++++ Given information ++++

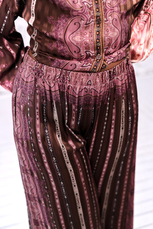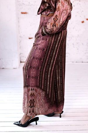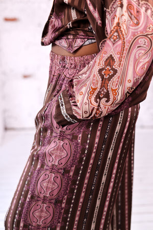 - Pantalon fluide imprimé dans les tons bruns et roses
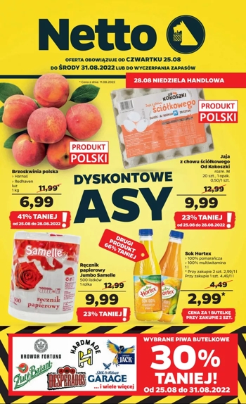 {loadposition linkNetto} 'Dyskontowe asy' - nowa gazetka promocyjna sieci sklepów Netto. Polecane promocje z gazetki Netto: Brzoskwinia polska Harnaś 1 kg - 6,99 zł*. Jaja z chowu ściółkowego Od Kokoszki klasa M 20 sztuk - 9,99 zł*. Sok Hortex…
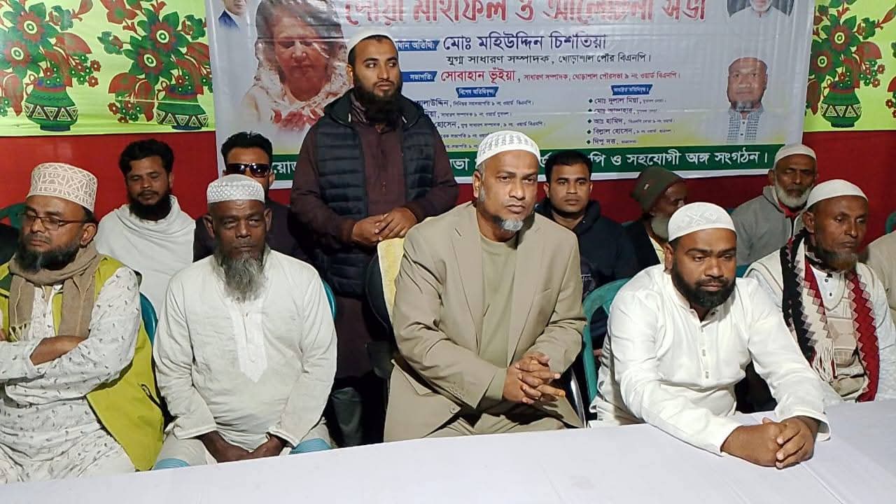 বিএনপির চেয়ারপার্সন, সাবেক প্রধানমন্ত্রী বেগম খালেদা জিয়ার দ্রুত রোগমুক্তি ও সু-স্বাস্থ্য কামনায় নরসিংদীর পলাশের ঘোড়াশাল পৌরসভার ভাগদীতে মিলাদ ও দোয়া মাহফিল অনুষ্ঠিত হয়েছে।

++++

#### Task directions
Output the full listing above exactly, excluding all pictures.

#### Written answer
 - Pantalon fluide imprimé dans les tons bruns et roses
 {loadposition linkNetto} 'Dyskontowe asy' - nowa gazetka promocyjna sieci sklepów Netto. Polecane promocje z gazetki Netto: Brzoskwinia polska Harnaś 1 kg - 6,99 zł*. Jaja z chowu ściółkowego Od Kokoszki klasa M 20 sztuk - 9,99 zł*. Sok Hortex…
 বিএনপির চেয়ারপার্সন, সাবেক প্রধানমন্ত্রী বেগম খালেদা জিয়ার দ্রুত রোগমুক্তি ও সু-স্বাস্থ্য কামনায় নরসিংদীর পলাশের ঘোড়াশাল পৌরসভার ভাগদীতে মিলাদ ও দোয়া মাহফিল অনুষ্ঠিত হয়েছে।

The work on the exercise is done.